Louisville Metro Police Department officers fatally shot Taylor on March 13 while executing a “no-knock” search warrant at her apartment. Gunfire broke out after her boyfriend fired a warning shot because he thought the plainclothes officers were intruders. The 26-year-old EMT, who was unarmed, was killed in the barrage of gunfire. Crawford said he was inspired by the University of Maryland after they launched a course called “Freddie Gray’s Baltimore,” which was centered around the 25-year-old Black man who died after sustaining a neck injury while in police custody.
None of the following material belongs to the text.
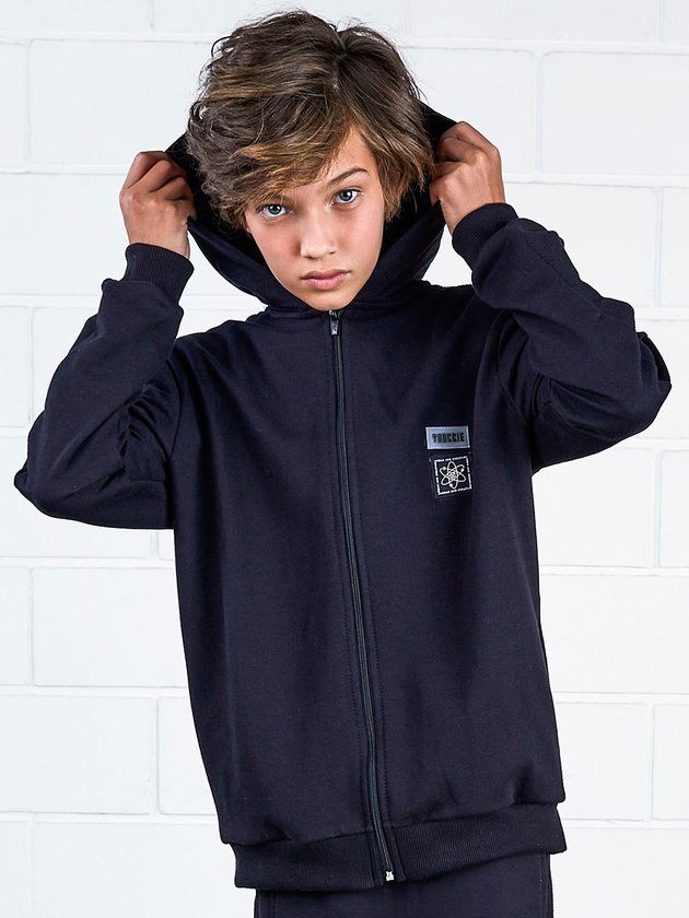 A Jaqueta Infantil Youccie confeccionada no conforto do moletom sem felpa com modelagem básica. Possui detalhes em ribana, capuz com estampa, abertura em zíper e duas etiquetas decorativas na parte da frente. Ideal para compor looks de inverno. Composição: 100% Algodão. Ref.: D1013

Crawford’s class consists of discussions and speakers from the community, such as the executive director of Louisville’s Metropolitan Housing Association and the CEO of a community development project in Louisville’s West End, the historically Black part of town. “When is there going to be another opportunity to take a class like this?” Erin Langley, a third-year law student at the university, told CNN affiliate WDRB. “Thinking about how each of us could have a role that means something going forward and when we graduate.” “These are things that are happening a few blocks away from campus,” she added. “It’s really right here.” Former Louisville police officer Brett Hankison was indicted by a grand jury Wednesday on three counts of wanton endangerment in the first degree for his actions on the night Taylor was killed by police. “This ruling provides an opportunity for us here in Louisviille and as an entire society to reevaluate the circumstances under which the police interact with the public,” Crawford said. “It’s an opportunity to reexamine our policies and practices not just in the criminal law but in many areas.” The class meets once a week on Thursdays, and Crawford hopes it will become a permanent addition to the law school’s course offerings.